Учительница прочитала текст еще раз, попросила дежурных собрать тетради и дала домашнее задание написать три причины, «почему я люблю осень», предвидя повторяющееся из года в год: «Потому что грибы, костры и каникулы». Заполнила классный журнал, рассеянно выщелкивая ручкой простенькую мелодию, дождалась, когда класс опустеет, и взглянула на фото. На нем они с Костиком стояли в обнимку в облаке цветущих слив. В этот момент в классной комнате потемнело, небо в последний раз набычилось и разродилось первым хлопковым снегом. Сухим, ноздреватым, местами напоминающим попкорн.


С самого детства Аня хотела быть полезной людям. Подобную мысль в ее юной головке заложили некий американский эссеист, утверждавший, что главное – не личное счастье, а служение другим, и отец, живущий под девизом: «Убей бобра – спаси дерево». Некоторое время девочка прикидывала, что она может предпринять. Приютить всех бездомных кошек? Изобрести вакцину от старости? Уберечь Землю от глобального потепления? Раз и навсегда покончить с безграмотностью? Последняя идея оказалась самой удачной, и Анна начала обучать двоюродных братьев и сестер измерять линейкой отрезки.
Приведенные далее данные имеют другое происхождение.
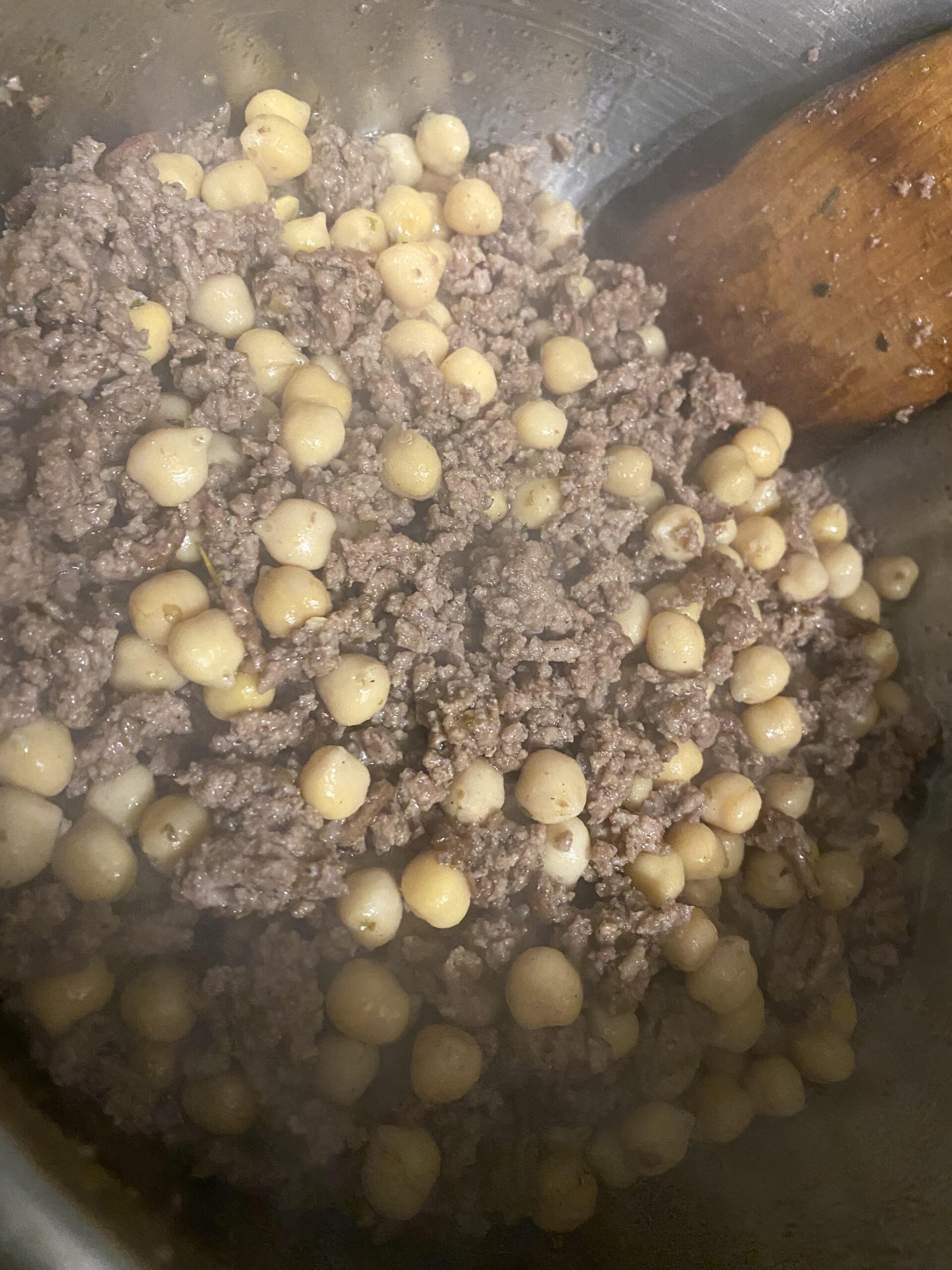 Add a can of diced tomatoes and some seasoning and I’m down. This just looks like browned hamburger meat and chickpeas

Папа для оптимизации процесса сделал доску и, прибивая ее к стене, пересказал анекдот, в котором ученик явился к учителю с просьбой прочитать накаляканное в его тетради. Учитель нацепил очки, свел руки за головой и уставился в одну точку. Спустя минуту просиял:

– А-а-а! Все понятно! Я написал: «Пиши разборчиво».


Ее первая учительница, женщина предпенсионного возраста, почти не вставала из-за стола и напоминала самоварную бабу. Сидела с вечно красными щеками из-за прогрессирующего розацеа[24], опухшими локтями и растрепанной прической, как у актрисы Валентины Серовой. Растирала больные колени и диктовала: «На ветке сидели девять птиц». Круглый год носила мохеровую кофту, коричневую юбку-клинку и до самых морозов шиковала без чулок. На День учителя и годовые контрольные надевала праздничное – блузу в горошек и сарафан из черного кордового вельвета. Просила не дарить ей срезанных цветов, а если уж невмоготу, то лучше вазон с неприхотливым хлорофитумом или геранью. На первом уроке включила песню Антонова «Не рвите цветы» и объявила, что отныне эта мелодия станет гимном класса:

– Как только услышите ее на переходной станции в метро, в филармонии или по радио, вспомните меня и своих друзей. Наш класс, наши прописные истины, нашу крепкую дружбу.

Так и вышло. Всякий раз, услышав первые аккорды, Анна видела перед собой доску и отблески октябрятских звездочек. Уютную учительницу с вечно испачканным мелом животом и ее стол, заваленный контрольными и атласными лентами на случай, если после физкультуры у кого-то расплетется коса. Ощущала яблочный дух, исходящий от нижнего ящика. Педагог приносила из сада любимые зеленые «симиренко» и угощала растяп, забывших дома перекус.

Она жила школой, и свет в их классе горел допоздна. Расшалившихся могла одернуть необидным: «Не маши крыльями, улетишь, а у нас окна закрыты». Считала телевизор пожирателем времени и запертый на замок не то «Рубин», не то «Рассвет» включала от силы трижды. В День космонавтики, чтобы показать научно-популярную программу о Валентине Терешковой, в день рождения Ленина и когда шел ее любимый фильм «Первоклассница». Черно-белый, скрипучий, невозможно наивный о непослушной девочке Марусе, шастающей по городу без спроса.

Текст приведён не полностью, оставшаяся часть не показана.